Question

Let a curve \( y = f(x) \) pass through the points \( (0,5) \) and \( (\log 2, k) \). If the curve satisfies the differential equation: \[ 2(3+y)e^{2x}dx - (7+e^{2x})dy = 0, \] then \( k \) is equal to:

• A. \( 16 \)
• B. \( 8 \)
• C. \( 32 \)
• D. \( 4 \)

Hint:

When solving a differential equation, always check whether it's separable or requires an integrating factor.

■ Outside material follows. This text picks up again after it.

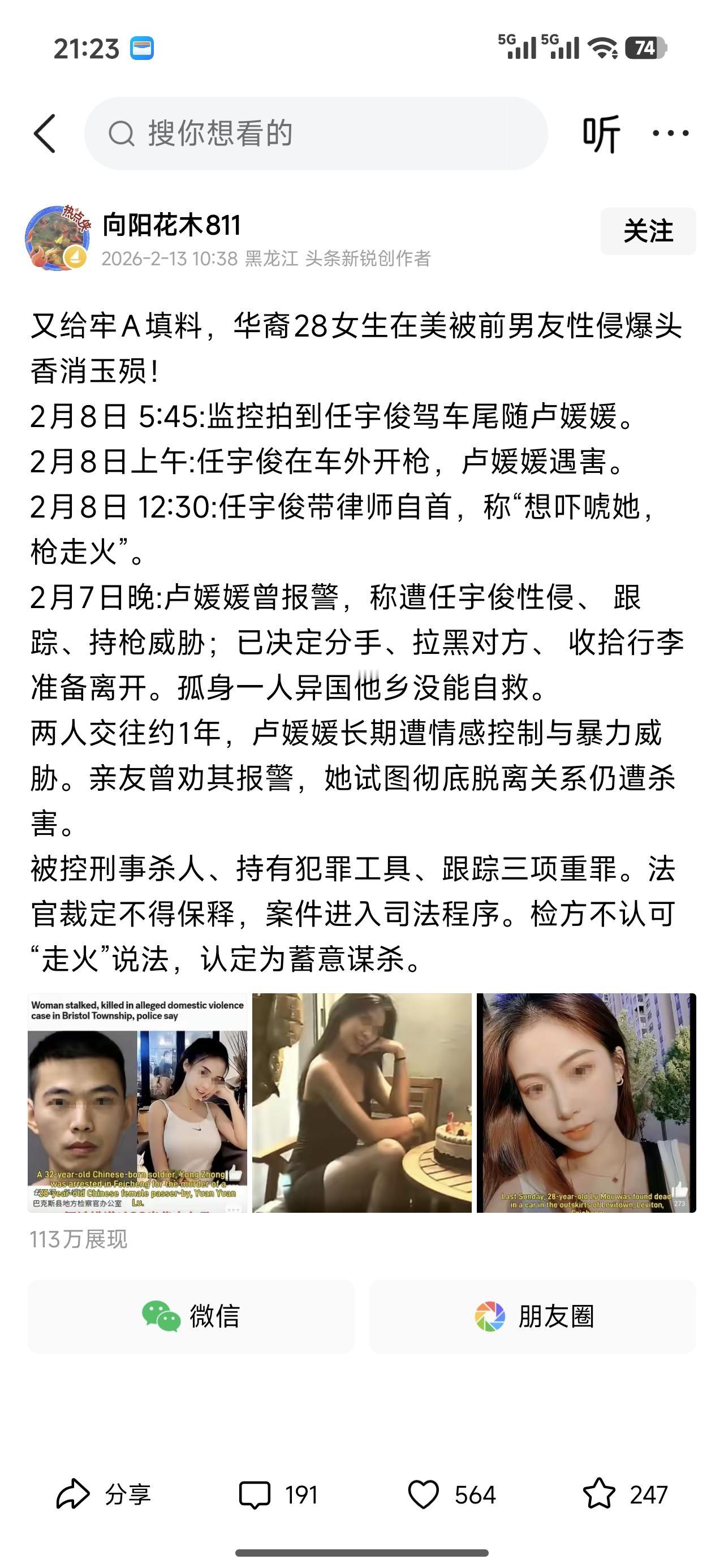 这么好看的女生,2.7已经知道自己有危险,报警,并收拾行李,准备离开。 两人交往一年,男方看面相是亚洲面孔。算了,姓任,也可能是个华人。 2.8号,就被前男友跟踪,说枪走火。杀害。 好端端的谈个恋爱,竟这般危险。你能想到了? 没事儿就在国内溜达溜达,想冷了去北方,想热点去男方,花钱少,还自在。这种事情的发生概率还是要低很多的。

Substituting boundary conditions correctly helps determine constants.

Answer 1

The Correct Option is B

To solve the given problem, we must determine the value of \( k \) for which the curve passes through the points \((0, 5)\) and \((\log 2, k)\) and satisfies the differential equation:

\[2(3+y)e^{2x}dx - (7+e^{2x})dy = 0.\]

The differential equation is solved as follows:

1. Rewrite the differential equation to separate variables:

\[2(3+y)e^{2x} \, dx = (7+e^{2x}) \, dy.\]

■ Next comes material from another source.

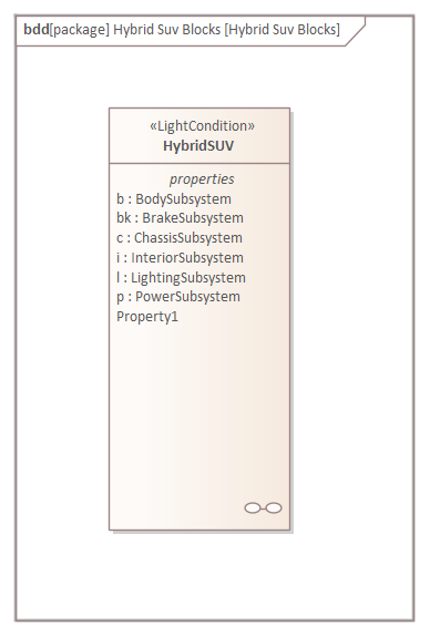 Where the Parts and Properties of a parent Block have already been defined you can display them on the Internal Block Diagram (IBD) with a simple context-menu option on the new IBD.

1. Separate the variables:

\[\frac{dy}{2(3+y)} = \frac{e^{2x} \, dx}{7+e^{2x}}.\]

1. Integrate both sides:

Left side integration:

\[\int \frac{dy}{2(3+y)} = \frac{1}{2} \int \frac{1}{3+y} \, dy = \frac{1}{2} \ln|3+y|.\]

Right side integration:

\[\int \frac{e^{2x}}{7+e^{2x}} \, dx.\]

Using the substitution \( t = 7 + e^{2x} \), where \( dt = 2e^{2x} \, dx \) or \( \frac{1}{2}dt = e^{2x} \, dx \):

\[\frac{1}{2} \int \frac{1}{t} \, dt = \frac{1}{2} \ln|t| = \frac{1}{2} \ln|7+e^{2x}|.\]

1. After integration:

\[\frac{1}{2} \ln|3+y| = \frac{1}{2} \ln|7+e^{2x}| + C.\]

1. Simplify the equation by removing logs with base \(e\):

\[\ln|3+y| = \ln|7+e^{2x}| + C.\]

1. Remove logarithms by exponentiation:

\[|3+y| = A|7+e^{2x}|,\]

1. where \(A = e^C\).
2. Apply the initial condition \((0, 5)\):

\[|3+5| = A|7+e^{0}| \implies 8 = A(7+1) \implies A = 1.\]

1. The resulting equation is:

\[3+y = 7+e^{2x}.\]

1. The function \( y \) is:

\[y = 4 + e^{2x}.\]

1. Substitute \( x = \log 2 \) to find \( k \):

\[y = 4 + e^{2\log 2} = 4 + (2^2) = 4 + 4 = 8.\]

Therefore, the value of \( k \) is 8.